Please Advocate for Senate Appropriations
PHADA President Mark Gillett.
Much to our dismay, HUD recently announced the operating fund proration is now only 92 percent formula eligibility. Because Congress has not yet approved an FY 24 appropriations bill and we are still under a Continuing Resolution (CR), the Department plans to distribute “conservative” amounts of funds at least through January. Combined with a few other factors, this raises many concerns as we approach the colder – and more expensive – winter months.
The Department attributed the low proration mostly to rising utility costs, asserting the President’s original proposed budget would have furnished HAs 100 percent of their eligibility. Although inflation has receded in recent months, prices are still high and could prove troublesome for many agencies as we experience colder weather.

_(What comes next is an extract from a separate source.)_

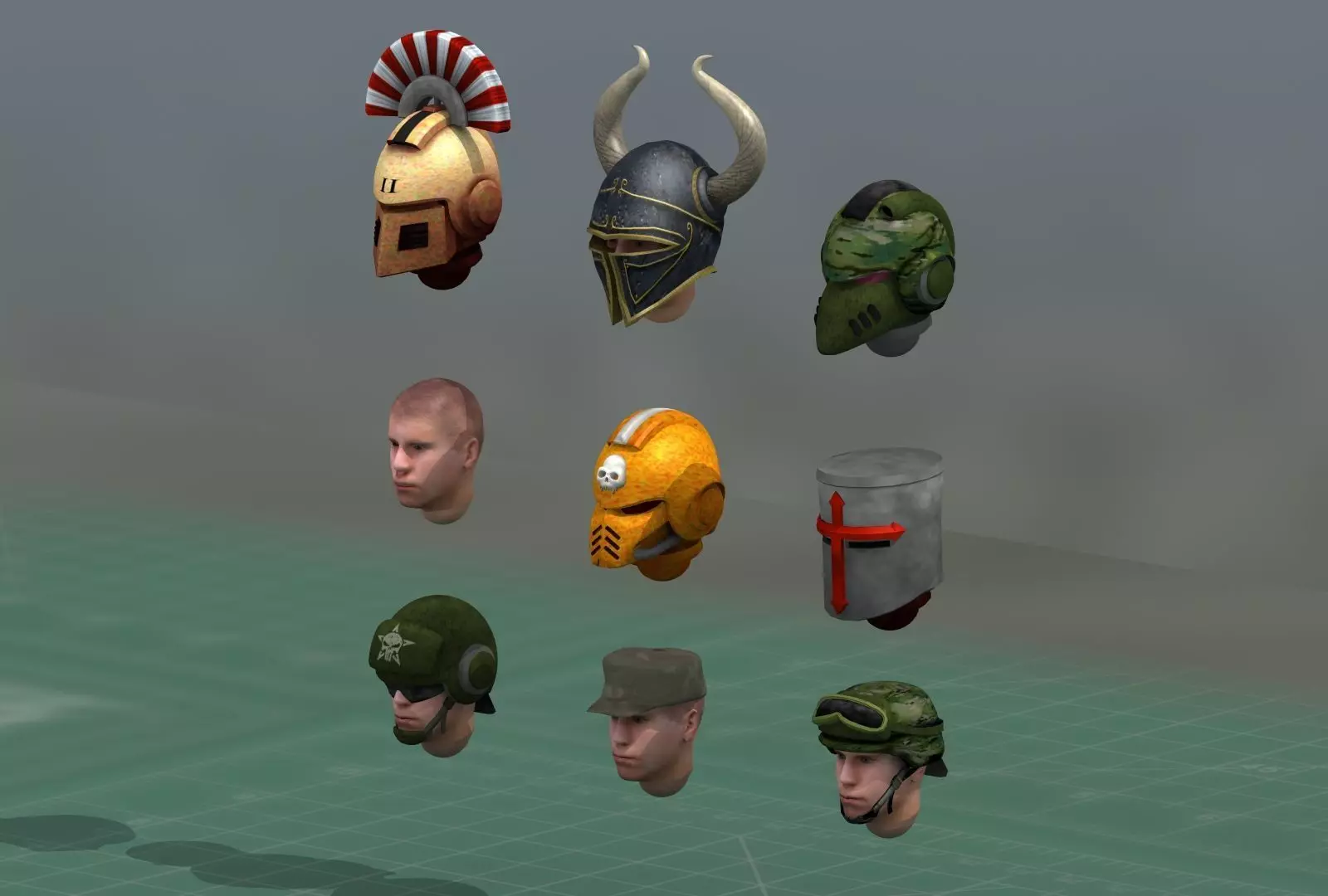 Grimdark Miniature TTRPG Helmets and Heads 3D Print Model Collection

Insurance Costs a Big Driver
PHADA reported in a recent Advocate that public and private housing providers are seeing steep increases in their insurance costs. The National Leased Housing Association recently completed a survey and found that 29 percent of housing providers experienced premium increases of 25 percent or more, compared to 17 percent in the previous year. The survey further revealed that limited markets and capacity are responsible for most premium increases, followed by claims history/loss and renter populations. In addition, 67 percent of respondents reported increasing insurance deductibles, decreasing operating expenses, and increasing rent to manage insurance cost increases. Please see the November 1 edition of the Advocate for more information.
PHADA and others have met with Department officials to discuss these increases and the Association is collaborating with industry experts to try and develop some recommendations that will better control costs. Industry groups have noted to HUD and Congress that insurance is effectively a “utility” and not a discretionary expenditure HAs can ignore. Unlike private sector providers, HAs cannot impose rent increases to defray costs.

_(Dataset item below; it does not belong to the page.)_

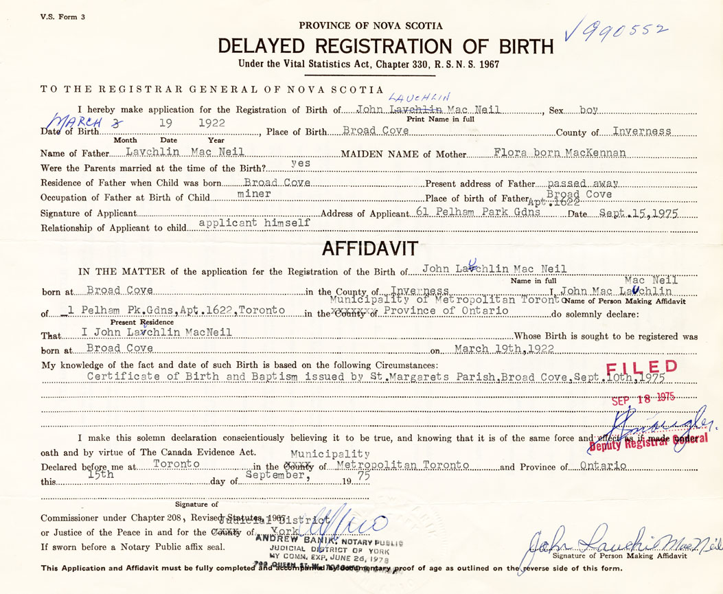 Date of Birth March 19, 1922 Place of Birth Broad CoveCounty of Inverness

Rent Collection Problems Persist After Pandemic
Another factor hurting the bottom line for many HAs are the difficulties surrounding rent collections and rising Tenant Accounts Receivable (TARs). About 20–25 percent of HAs are still “severely impacted” by this problem, according to HUD’s recent data.

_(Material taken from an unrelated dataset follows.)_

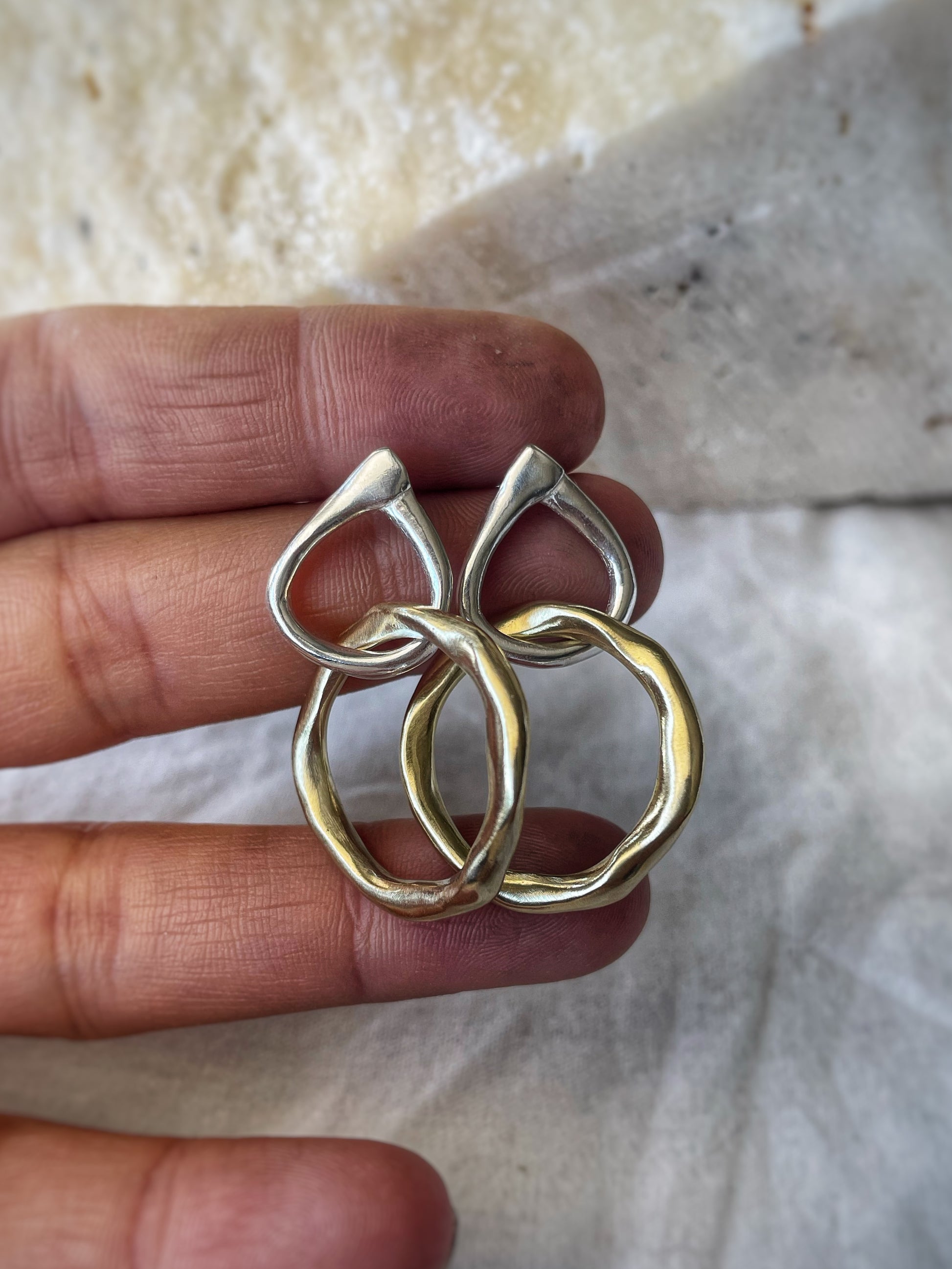 Material: Smaller hoop in 925 sterling silver, larger irregular hoop in brass

Operating fund shortfall replenishments have helped some HAs plug their gaps, but there is not sufficient shortfall money to help all agencies. Indeed, only $25 million has been available in each of the last two years, while overall needs have reached almost $400 million each year. In addition, the shortfall fund does not provide needed help to similarly situated RAD agencies funded under different accounts.
Capitol Hill Delays Exacerbate the Problem
Fiscal Year 2024 began on October 1, but Congress will not complete a budget until the middle of January at the earliest. Thus, HUD is distributing operating funds in a cautious lowball way because the Department does not know what the final operating fund budget will be for the full year.
The Senate’s spending appropriations bill would provide $5.53 billion for the operating fund in FY 24, while the House measure is far less adequate at $5.1 billion. The two chambers remain deeply divided over the total amount of funding they will provide for domestic discretionary programs. This creates more uncertainty for specific accounts like the operating fund. Making matters worse, further across-the-board cuts could be imposed if a budget agreement is not reached in early ’24.
Please Act Now
In the short term, PHADA urges members to contact Congress and advocate for the Senate’s higher appropriations. For reference, please see PHADA’s FY 24 appropriations Position Paper.
While additional funding will help, the other issues mentioned above also need to be addressed. We clearly need to find ways to better control insurance costs, and PHADA will continue to collaborate with other partners in the housing and insurance industries.
HUD could certainly help HAs’ rent collection challenges by reversing its ill-advised plan to make the 30-day notice for non-payment rule a permanent regulation. PHADA has noted this misguided policy drives up TARs and will ultimately create more budget problems. Our recent letter to Secretary Fudge on this topic can be found here.
Along with member advocacy, PHADA will work with our industry partners to draw congressional attention to all these issues in hopes of obtaining supplemental appropriations.